Piotr napisał(a):To tobie wolno mieć zastrzeżenia do papieża, ale za podobne zastrzeżenia Lemańskiego w stosunku do biskupa Hosera faceta oskarżono, zbluzgano i zniszczono?Tak właśnie było. Pisała o tym Wyborcza i Newsweek, zatem to musi być prawda.
@Nikabryk - 100% racji. Zmienienie Kościoła w Kościół "otwarty" (tj. mocne zliberalizowanie nauczania społecznego) byłoby rozwiązaniem krótkofalowym. Owszem, pewno przyciągnęłoby to na jakiś czas do wiary "wierzących-niepraktykujących", członków LGBT, wszelakich cudzołożników, aborcjonistów i tym podobny element, który obecnie snuje się po jakichś chrześcijańskich sektach i postępowych zborach, pewno nowoczesnością Kościoła przez jakiś czas pozachwycałyby się media, ale co potem? Przecież jeśli zniesiono nam te anachroniczne zakazy i nakazy, jeśli nie straszy się nas piekłem, jeśli wiara nie wymaga wysiłku, to co nas w sumie trzyma w Kościele? Folklorystyczne rytuały (już nie żadne misterium) i dziecinna wiara w dobrą Bozię, która gdzieśtam sobie jest ale w sumie nie wiadomo gdzie i po co. Czyli nie dość, że jakość takich wiernych byłaby nadzwyczaj marna, to i ich ilość stopniowo by spadała. Parafrazując znane hasło: jeśli nie widać różnicy w życiu z Bogiem i bez Boga, to po co przepłacać na tacę?

Zresztą wystarczy spojrzeć, kto owo "otwarcie Kościoła" najbardziej popiera - te same media, które nie przepuszczą żadnej okazji, by wywołać kolejną awanturę o klechów-dziecioruchów i które stają murem za księżmi podburzającym parafian przeciwko hierarchii. Krecia robota.

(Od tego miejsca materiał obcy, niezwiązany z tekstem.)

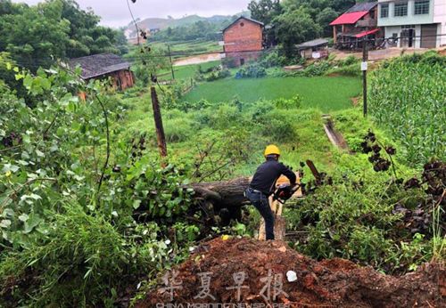 截至6月20日上午11时,邵阳供电公司累计出动107支抢修队伍,1060名抢修队员奋战抢险一线,已恢复1402个台区的11.59万用户供电。图为运维人员在北塔区10千伏磨茶线倒树抢修现场。

Odnoszę wrażenie, że Kościół powinien powrócić do swoich dawnych metod survivalowych i przenieść się do katakumb, metaforycznych rzecz jasna. Kultywować najlepsze, przedsoborowe tradycję, stawiać na jakość wiernych i tą właśnie wielkością nielicznych wpływać na masy. Ciężko jednak powiedzieć, czy fizycznie byłoby to wykonalne - rozbudowane struktury Kościoła mogłyby nie przetrwać odpływu wiernych. Zresztą piszę to wszystko z pozycji niewierzącego i pragmatyka, nie sądzę, by Watykan zdecydował się na zaprzestanie misji i porzucenie mało gorliwych w wierze dusz.